En réalité, ce triomphe, ou même sa victoire à Hong Kong, a très peu de répercussions sur le bilan qu’elle dresse de sa saison. Elle s’appuie plutôt sur l’amélioration de son jeu au sens large en s’interrogeant sur sa progression. À savoir si elle est parvenue à devenir plus forte physiquement, plus forte mentalement dans les moments difficiles et plus intelligente sur le court.

Elle s’attarde également de plus en plus à « ne pas frapper la balle juste pour frapper, mais avoir un plan dans la tête avant de frapper ».

En début de saison, dit-elle, elle a « appris beaucoup sur [elle]-même ».
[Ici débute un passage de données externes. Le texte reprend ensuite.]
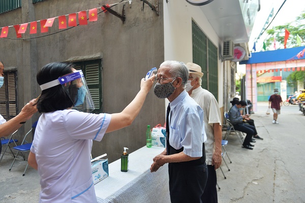 | Cụ Phạm Thế Vinh (97 tuổi) được đo thân nhiệt, rửa tay sát khuẩn trước khi vào khu vực bỏ phiếu. Ảnh: Gia Huy |
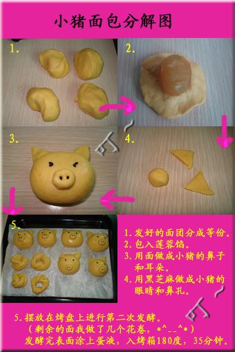 今天小表弟要来我家,特地做了这个小猪面包,谁叫我最近处于制作面包的狂热期,而且小表弟是个超级面包迷,很给我面子滴...捣鼓了一下午,好可爱啊,自己都舍不得吃,奶奶吃一个,老爸吃一个,剩下的全部被小表弟拿回家啦。我只有看图咽口水啦...呜呜...
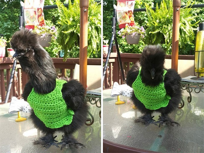 不讓雞覺得冷!農場主人特製毛衣 潮流雞散步變「時尚伸展台」

Si bien qu’en fin d’année, « les résultats ont aidé ». « Mais de la manière dont j’ai joué à la Coupe Billie Jean King, c’est pour ça que j’ai pu monter mon évaluation finale », a-t-elle ajouté dans son survêtement de sport bleu ciel.

Toujours le progrès

La Québécoise a terminé la saison 2022 au 40rang et elle se trouve 5 rangs devant un an plus tard, avec une courte ascension en 32position en cours de saison.

Malgré une fiche de 39 victoires et 24 défaites et un titre en tournoi WTA 250 en poche, Fernandez était nuancée lorsqu’on lui a demandé comment elle définissait le succès d’une saison. Ou du moins, quels étaient les critères pour pouvoir affirmer si, oui ou non, une année s’était bien déroulée.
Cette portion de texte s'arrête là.